The Real Thing is the fourth studio album from Contemporary Christian pop group pureNRG, and features the songs "Radio", "The Real Thing" & "Sweet Jesus". The album reached No. 20 on the Billboard 200 chart, and No. 1 on the Billboard Top Christian Albums chart. The Sing-a-long versions of songs on this album include one song each from one of their previous albums. It is the final pureNRG album on Fervent Records. It was released July 14, 2009.

Professional ratings
Review scores
| Source | Rating |
| AllMusic |  |

==Track listing==

- Track information and credits taken from the album's liner notes.

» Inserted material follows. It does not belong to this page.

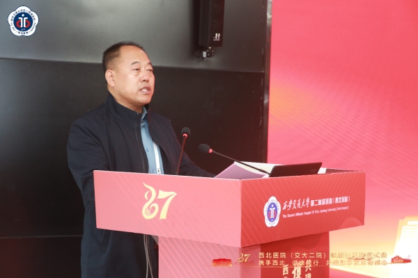 陕西省卫健委二级巡视员师中荣,西安交通大学医学部副主任孟晓军分别致辞。师中荣指出,此次“西北医院(交大二院)健康日”活动,不仅吸引了省内市、县、区医院的积极参与,更汇聚了省内医疗领域的中坚力量。西安交大二附院作为陕西医疗卫生事业的排头兵,始终秉持开拓创新的精神,勇于担当重任,积极引领医疗卫生事业的发展潮流。希望通过此次活动,搭建起一个信息共享、经验交流和技术协作的平台。孟晓军表示,“西北医院(交大二院)健康日”采取了“1+N”的模式,创新模式、创新举措、创新思路,为推动优质医疗下沉和均衡布局做出积极贡献。

| No. | Title | Writer(s) | Length |
|---|---|---|---|
| 1. | "Radio" | Doug McKelvey; Barry Weeks; Jeff Pardo; | 2:58 |
| 2. | "It's All About You" | Aaron Rice; Rob Hawkins; | 2:50 |
| 3. | "Before The Sun Goes Down" | Jordan Wood; Barry Weeks; Tony Wood; | 3:27 |
| 4. | "The Real Thing" | Brian Hitt; Becca Mizell; Sam Mizell; | 2:59 |
| 5. | "Savior" | Brian Hitt; Becca Mizell; Sam Mizell; | 3:04 |
| 6. | "Live To Worship" (Joy Williams cover) | Scott Krippayne; Tony Wood; John Lemonis; | 3:00 |
| 7. | "Sweet Jesus" (Selah cover) | Todd Smith; Tony Wood; Matthew West; | 3:19 |
| 8. | "Overwhelmed" | Max Roach | 3:15 |
| 9. | "Cover of a Magazine" | Jeremy Bose; Rob Hawkins; | 3:17 |
| 10. | "Can You Handle It" | Melissa Bishop; Sue Smith; Barry Weeks; | 2:39 |
| 11. | "Here We Go Again" (Sing-a-long version) | Scott Krippayne; Matthew West; | 3:20 |
| 12. | "Radio" (Sing-a-long version) | Doug McKelvey; Barry Weeks; Jeff Pardo; | 2:58 |
| 13. | "Footloose" (Sing-a-long version; Kenny Loggins cover) | Kenny Loggins; Dean Pitchford; | 3:30 |
| Total length: |  |  | 40:36 |

==Singles==
- "Radio" (July 2009) iTunes Store

==Chart performance==
- Billboard 200 – No. 20
- Billboard Top Christian Albums – No. 1

==Awards==

The album was nominated for a Dove Award for Children's Music Album of the Year at the 41st GMA Dove Awards.